Secondly, once collective organizations and institutions for managing commons are designed and established, members of collectives and communities need proper skills and entitlements for exploiting common-pool resources,, and relational abilities for managing conflicts and disputes.
Thirdly, if sharing a common-pool resource generates new production possibilities in terms of derived goods or services, democratic and not-profit-oriented production units (like cooperatives) would be free to operate in a clear, and reliable, normative framework trough which to organize social production and peer-to-peer exchanges without markets or hierarchies.
Finally, to organize rules that specify rights and duties of social producers and to invest in new modes of production and usage creates a second-order common good that supports the birth of new forms of association for sharing more resources.
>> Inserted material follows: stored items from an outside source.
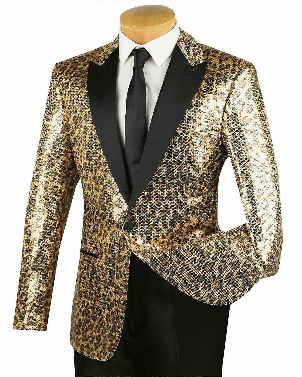 Men's Gold Leopard Print Sequins Peak Lapel Tuxedo Prom Party Dinner Suit Blazer
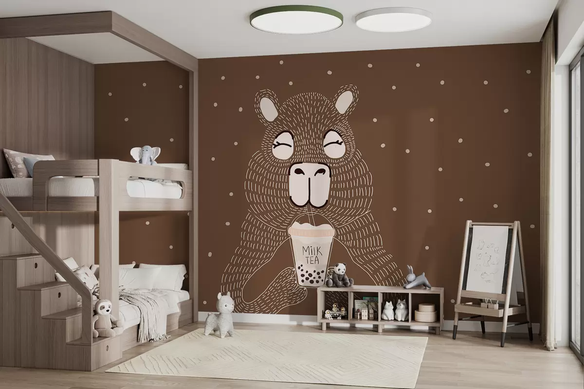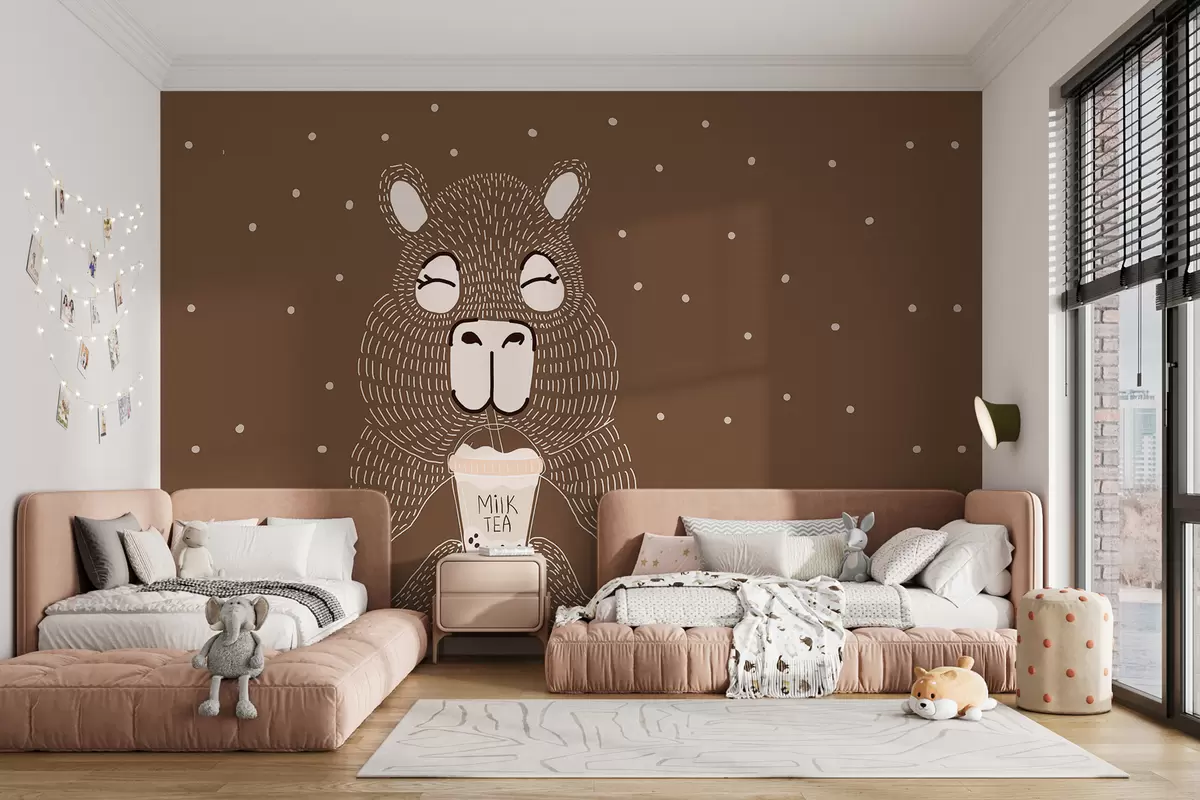 Fotomurales Gran capibara lindo con burbuja tee en estilo minimalista de puntos sobre un fondo marrón de puntos Nr. w01122v2
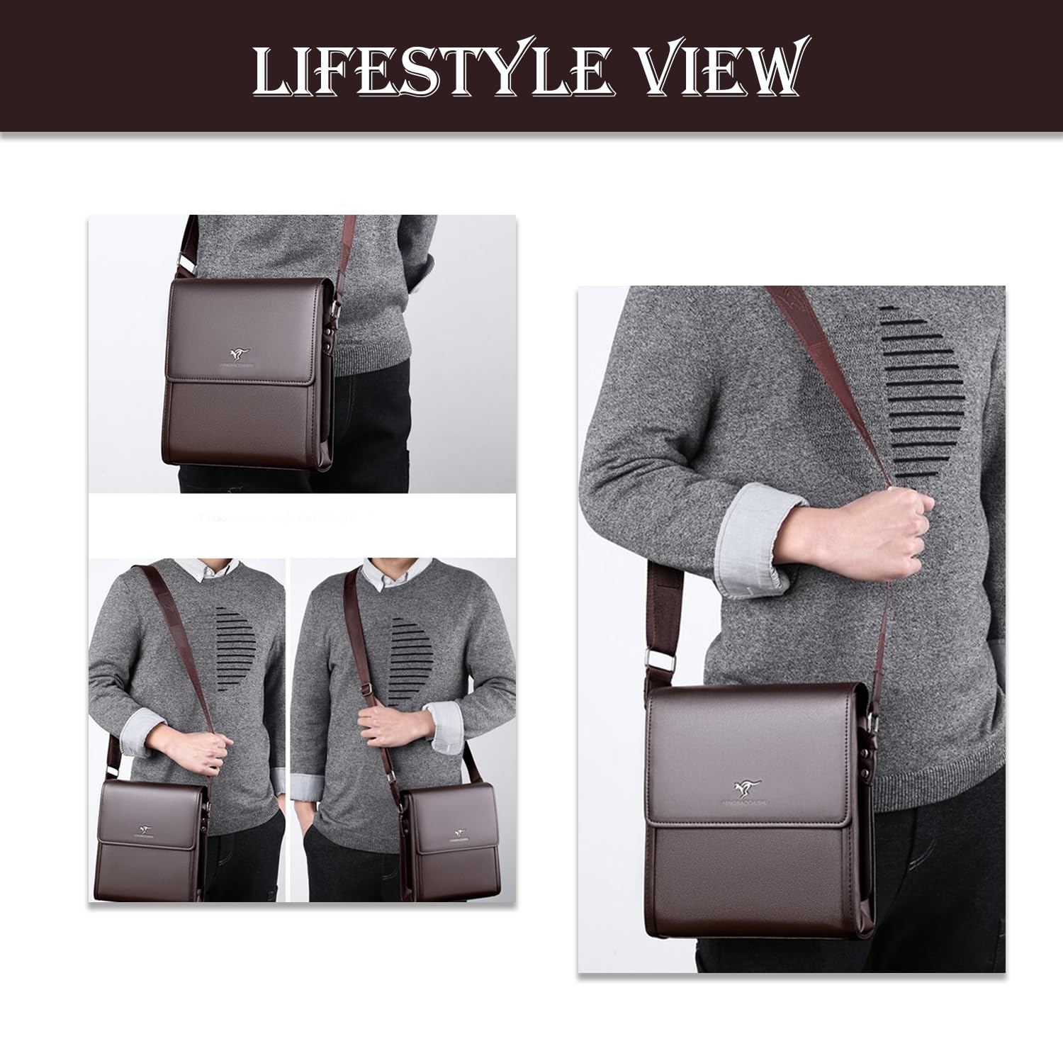 LACOPINE Leather Retro Men’s Shoulder Messenger Sling Bag,Brown

But, if internal, external, collective, moral capabilities are all necessary for self-governing the common, how can we identify some relevant capabilities from which to start?
Capabilities for commons
In her scientific contributions, Nobel laureate Elinor Ostrom has extensively investigated how to design long-lasting institutions that manage common resources, and the conditions under which self-governance organizations can successfully manage common resources. Take, for instance, the following list of design principles for long enduring, self-governance institutions (Ostrom, 1990):
- define clear group boundaries;
- match rules governing the use of commons to local needs and conditions;
- ensure that those affected by rules can participate in modifying the rules;
- make sure the rule-making rights of community members are respected by outside authorities;
- develop a system, carried out by community members, for monitoring members behavior;
- use graduated sanctions for rules violators;
- provide dispute resolution mechanisms that are accessible and low-cost;
- respect the right to organize of groups and communities;
- build responsibility for governing the common resource in nested tiers from the lowest level up to the entire interconnected system. Individuals, households or collectivities need a large array of capabilities in order to organize and manage their common resources through self-governing institutions. Without being exhaustive, we mention: internal, individual, S-caps for being able to assess relevant group boundaries and their modifications with respect to time and usage; collective, S-caps for building a credible, long-enduring rights system based on well-specified criteria of local justice; collective O-caps that makes possible for any social group to have voice in the process of rights and entitlements creation; S-caps, both individualistically and collectively conceived, which support the development of socially-accountable, costs-benefits analysis frameworks; collective S-caps for settling collective decision agreements, and M-caps for granting that collectivities can understand the moral consequences of any collective choice rule. Socially-dependent capabilities are also necessary in collective monitoring activities, conflicts resolution and sanctions enforcement as well as multi-folded, democratic social interaction would ensure to all groups sufficient O-caps for being politically autonomous and not challenged by external governmental authorities.
As a final point, the above capabilities are specific to the type of common-pool resource we are dealing with, they are dynamic, and they are harder to develop in large, heterogeneous groups than in small, cohesive ones. Cultivating capabilities for the common suffers, therefore, of both over-specification and under-specification problems. On the one hand, a general, exhaustive panel of capabilities for commons would contain as many entries as needed to empower individuals and groups in a post-capitalistic order in which the common has subverted the capital. Surely, a very long list. On the other hand, many of these capabilities could be difficult to see before the circuit of the common is unfolded.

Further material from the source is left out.